#### GIVEN DATA:
____

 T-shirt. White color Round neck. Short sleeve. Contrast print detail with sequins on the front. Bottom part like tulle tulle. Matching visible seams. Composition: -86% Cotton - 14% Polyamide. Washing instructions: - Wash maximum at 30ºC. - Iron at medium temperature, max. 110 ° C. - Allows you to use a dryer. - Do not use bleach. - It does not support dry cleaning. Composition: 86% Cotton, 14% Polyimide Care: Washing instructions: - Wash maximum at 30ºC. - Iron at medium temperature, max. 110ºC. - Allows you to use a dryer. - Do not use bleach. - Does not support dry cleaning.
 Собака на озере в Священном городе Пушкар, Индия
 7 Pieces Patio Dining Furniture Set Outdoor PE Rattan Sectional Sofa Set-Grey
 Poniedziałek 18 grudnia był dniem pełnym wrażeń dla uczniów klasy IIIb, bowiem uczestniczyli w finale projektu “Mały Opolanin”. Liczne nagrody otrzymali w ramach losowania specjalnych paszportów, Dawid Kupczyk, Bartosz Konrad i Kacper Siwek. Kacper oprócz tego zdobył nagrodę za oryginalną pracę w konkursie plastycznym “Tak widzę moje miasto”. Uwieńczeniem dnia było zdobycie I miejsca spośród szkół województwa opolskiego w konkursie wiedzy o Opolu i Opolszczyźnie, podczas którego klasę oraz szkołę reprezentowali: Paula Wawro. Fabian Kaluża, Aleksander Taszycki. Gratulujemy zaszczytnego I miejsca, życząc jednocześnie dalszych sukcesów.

____

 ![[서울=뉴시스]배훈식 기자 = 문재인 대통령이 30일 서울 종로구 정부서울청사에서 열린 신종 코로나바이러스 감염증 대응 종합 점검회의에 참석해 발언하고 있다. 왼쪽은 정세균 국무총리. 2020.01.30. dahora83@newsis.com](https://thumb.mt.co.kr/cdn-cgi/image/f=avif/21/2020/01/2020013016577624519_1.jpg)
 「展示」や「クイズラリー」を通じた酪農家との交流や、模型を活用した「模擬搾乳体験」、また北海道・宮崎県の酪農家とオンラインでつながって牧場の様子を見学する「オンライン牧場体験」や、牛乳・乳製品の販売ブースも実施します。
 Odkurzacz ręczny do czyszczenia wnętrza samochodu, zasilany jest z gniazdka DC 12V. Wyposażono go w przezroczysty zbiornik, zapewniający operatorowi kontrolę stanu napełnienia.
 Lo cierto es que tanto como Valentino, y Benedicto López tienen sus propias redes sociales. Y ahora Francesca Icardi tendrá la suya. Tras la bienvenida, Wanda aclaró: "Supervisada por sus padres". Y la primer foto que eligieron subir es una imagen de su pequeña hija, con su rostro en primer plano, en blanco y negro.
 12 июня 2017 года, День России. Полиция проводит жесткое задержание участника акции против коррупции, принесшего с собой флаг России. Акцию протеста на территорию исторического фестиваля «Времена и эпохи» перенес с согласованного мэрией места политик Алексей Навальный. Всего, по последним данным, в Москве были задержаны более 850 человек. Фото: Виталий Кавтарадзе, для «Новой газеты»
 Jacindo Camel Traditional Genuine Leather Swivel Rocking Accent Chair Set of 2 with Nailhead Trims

____

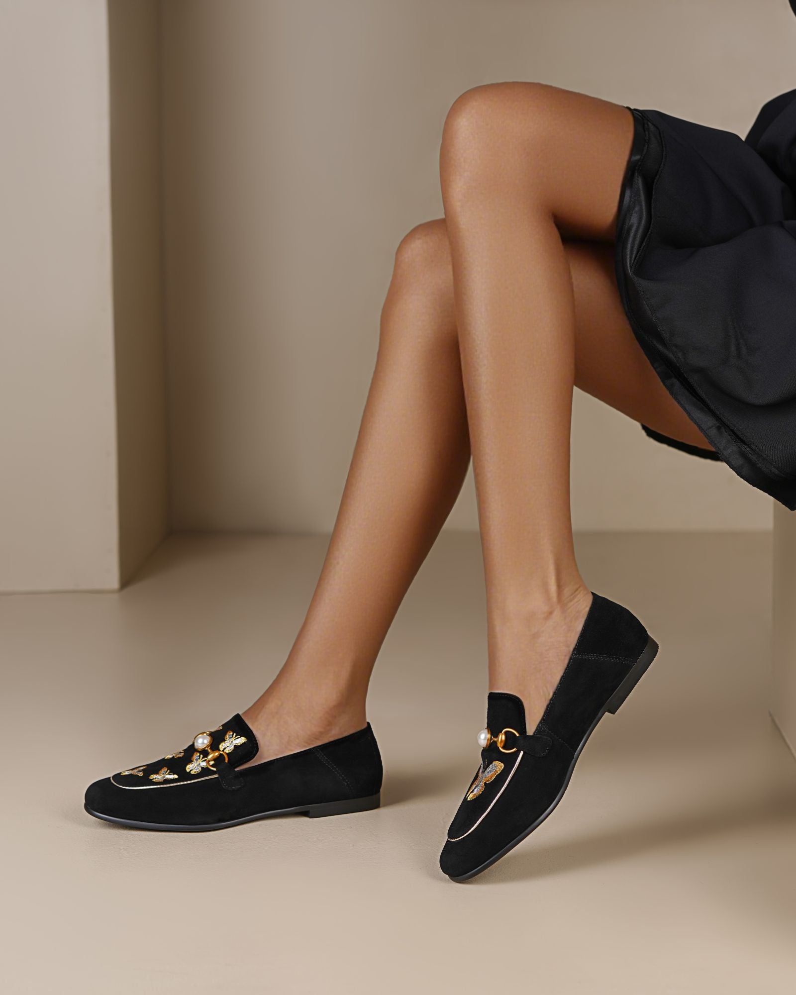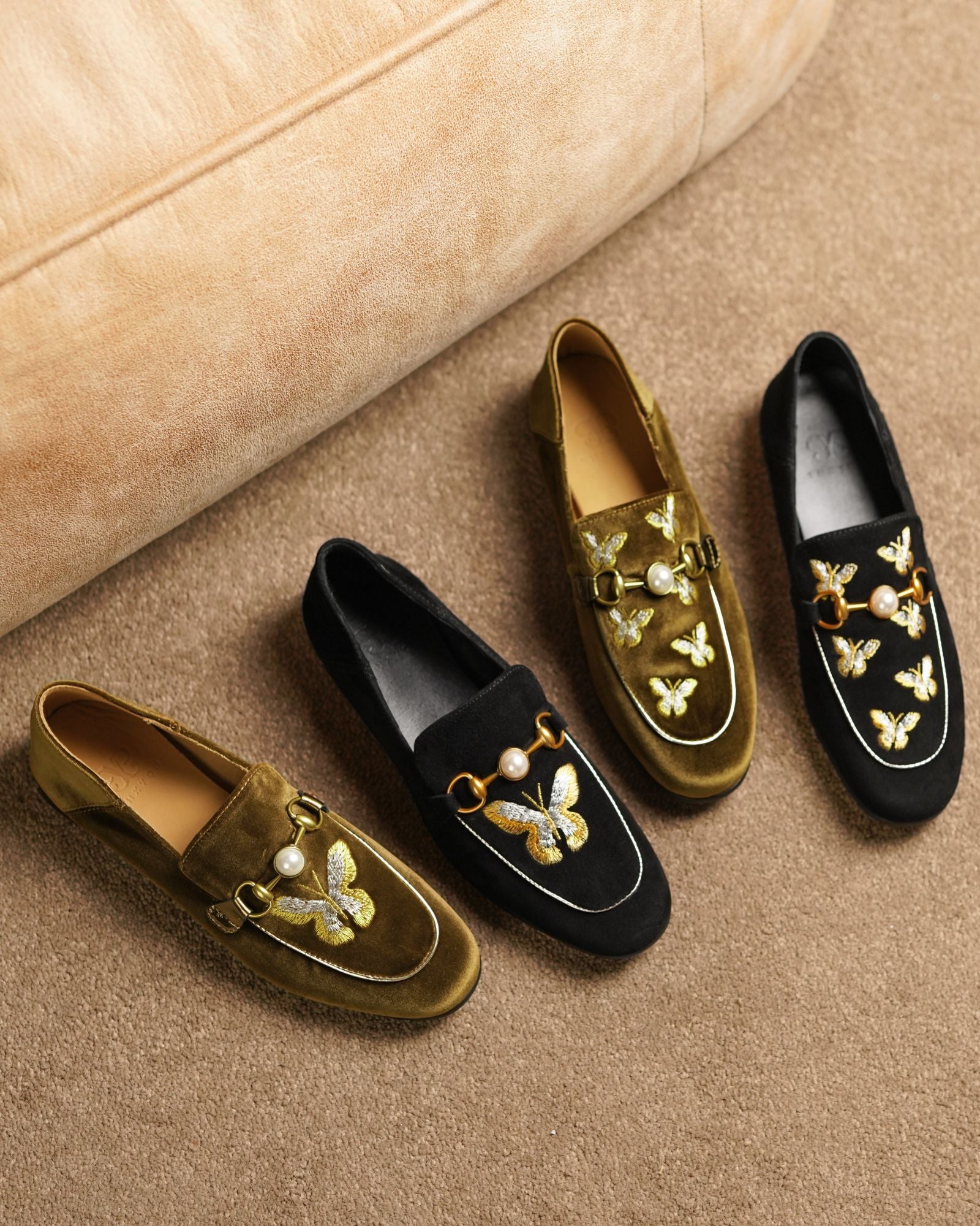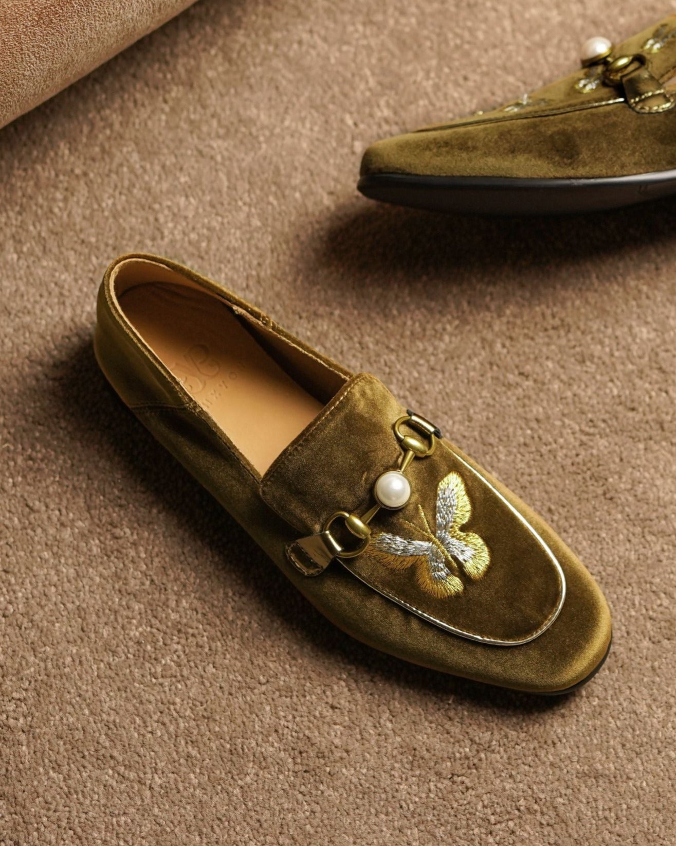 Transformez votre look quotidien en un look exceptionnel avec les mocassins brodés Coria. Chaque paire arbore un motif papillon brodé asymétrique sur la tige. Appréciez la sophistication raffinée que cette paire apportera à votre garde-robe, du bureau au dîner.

____

#### DIRECTIONS FOR THIS TASK:
Going down the listing above, begin printing at the line with "문재인 대통령이 30일" and finish with the line with "Odkurzacz ręczny do", exactly as they appear.

#### RESPONSE:
 ![[서울=뉴시스]배훈식 기자 = 문재인 대통령이 30일 서울 종로구 정부서울청사에서 열린 신종 코로나바이러스 감염증 대응 종합 점검회의에 참석해 발언하고 있다. 왼쪽은 정세균 국무총리. 2020.01.30. dahora83@newsis.com](https://thumb.mt.co.kr/cdn-cgi/image/f=avif/21/2020/01/2020013016577624519_1.jpg)
 「展示」や「クイズラリー」を通じた酪農家との交流や、模型を活用した「模擬搾乳体験」、また北海道・宮崎県の酪農家とオンラインでつながって牧場の様子を見学する「オンライン牧場体験」や、牛乳・乳製品の販売ブースも実施します。
 Odkurzacz ręczny do czyszczenia wnętrza samochodu, zasilany jest z gniazdka DC 12V. Wyposażono go w przezroczysty zbiornik, zapewniający operatorowi kontrolę stanu napełnienia.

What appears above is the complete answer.